The judgment is reversed and the case is remanded with directions to award Mrs. Lorenzen only the pre-retirement death benefit to which she is entitled under her husband’s retirement plan and (subject to the qualification in the preceding paragraph) prejudgment interest on that benefit, plus such attorney’s fees if any as she may be entitled to under Bittner v. Sadoff & Rudoy Industries, 728 F.2d 820, 829-30 (7th Cir.1984), for her partial victory in obtaining prejudgment interest.

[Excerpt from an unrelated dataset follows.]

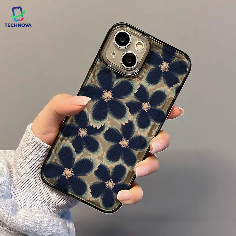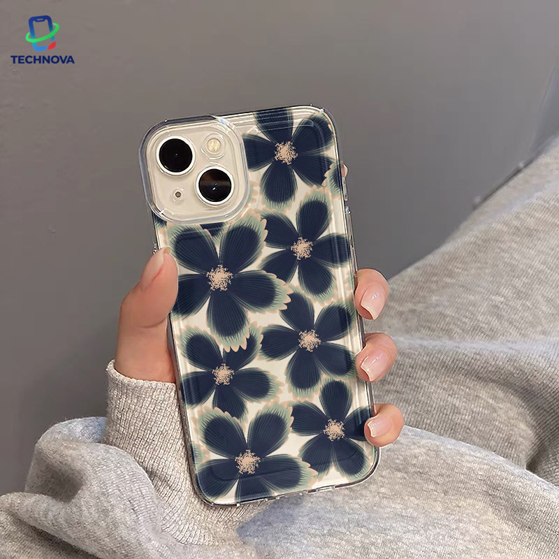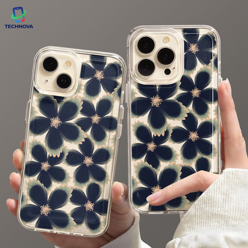 Casing IPhone Bunga hitam Transparan Soft Case Fashion Cocok untuk iPhone 11 12 13 14 15 16 Pro Max X XR XS Max 7Plus 8Plus-TA

The "victory” is indeed partial, quite apart from the lump-sum versus annuity issue, since if she had never brought this suit she would have received the death benefit as soon as it was due and would have had no occasion to seek prejudgment interest on it. The district court will have to decide on remand whether she is entitled to attorney’s fees in these unusual circumstances. We vacate the district court’s award of costs and attorney’s fees to abide the remand, and award no costs in this court.
Reversed and Remanded, with Directions.